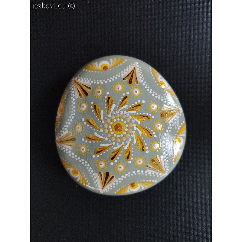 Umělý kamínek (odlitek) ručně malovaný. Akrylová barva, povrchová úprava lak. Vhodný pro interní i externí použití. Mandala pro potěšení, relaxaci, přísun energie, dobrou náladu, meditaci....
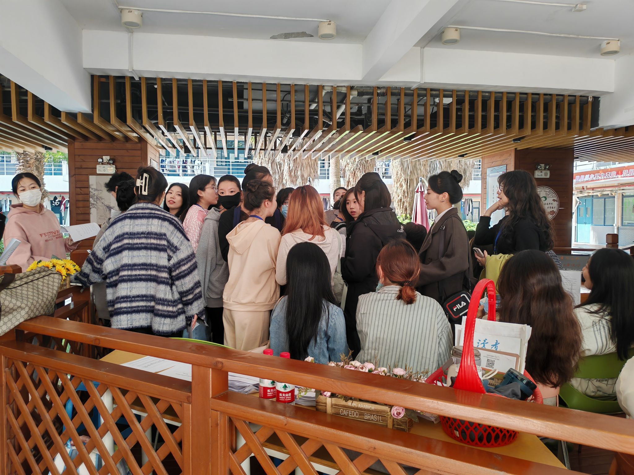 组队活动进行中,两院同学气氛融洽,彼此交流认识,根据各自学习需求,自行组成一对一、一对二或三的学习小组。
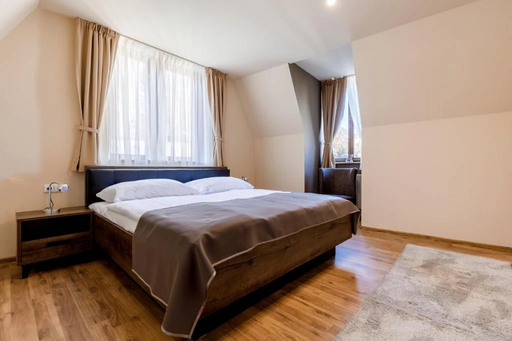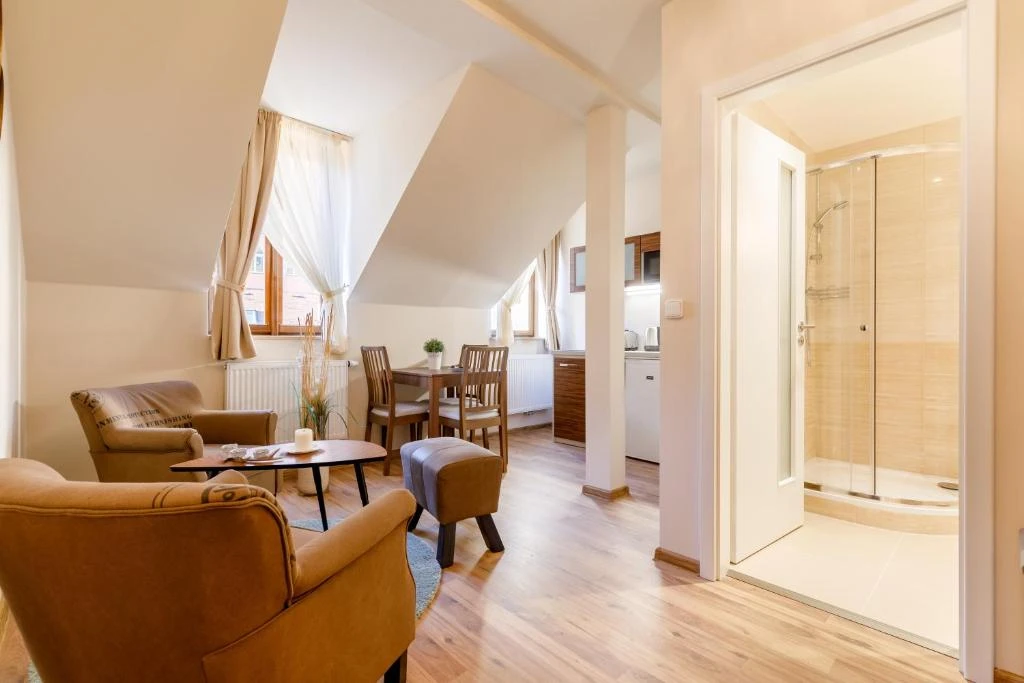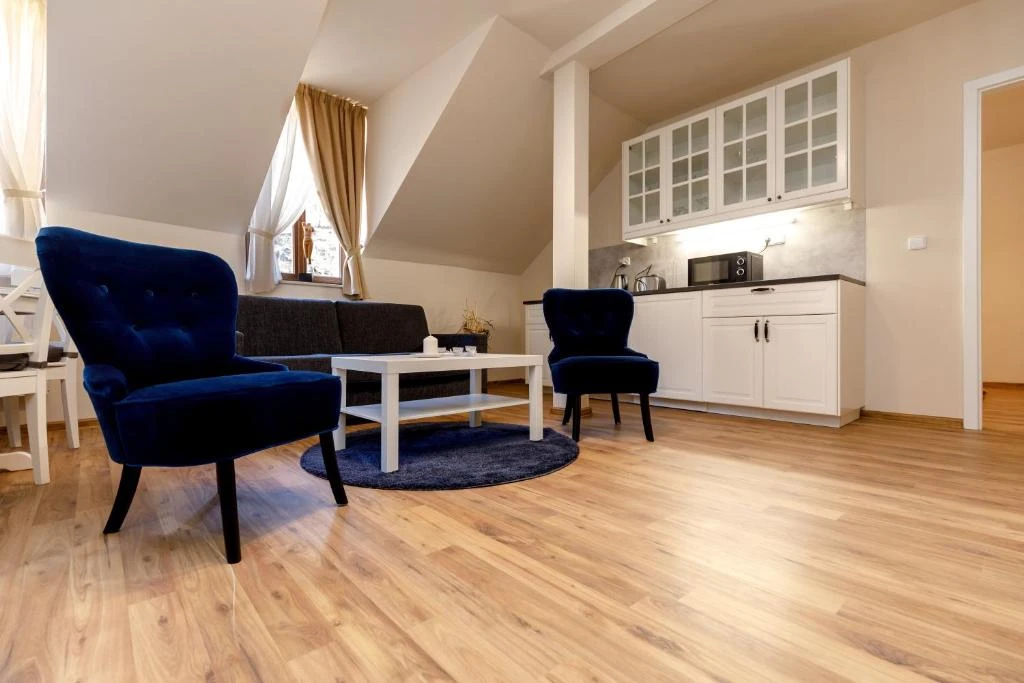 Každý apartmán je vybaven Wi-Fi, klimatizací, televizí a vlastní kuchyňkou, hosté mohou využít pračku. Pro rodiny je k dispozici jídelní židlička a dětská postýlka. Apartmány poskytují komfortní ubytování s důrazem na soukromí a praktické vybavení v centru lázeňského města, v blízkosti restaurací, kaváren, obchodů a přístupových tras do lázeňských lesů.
·····
▸ **What this task involves**
Retype exactly, please, the span from the line holding "组队活动进行中,两院同学气氛" through the closing line of the data, both ends included, without the pictures.

▸ **Task solution**
 组队活动进行中,两院同学气氛融洽,彼此交流认识,根据各自学习需求,自行组成一对一、一对二或三的学习小组。
 Každý apartmán je vybaven Wi-Fi, klimatizací, televizí a vlastní kuchyňkou, hosté mohou využít pračku. Pro rodiny je k dispozici jídelní židlička a dětská postýlka. Apartmány poskytují komfortní ubytování s důrazem na soukromí a praktické vybavení v centru lázeňského města, v blízkosti restaurací, kaváren, obchodů a přístupových tras do lázeňských lesů.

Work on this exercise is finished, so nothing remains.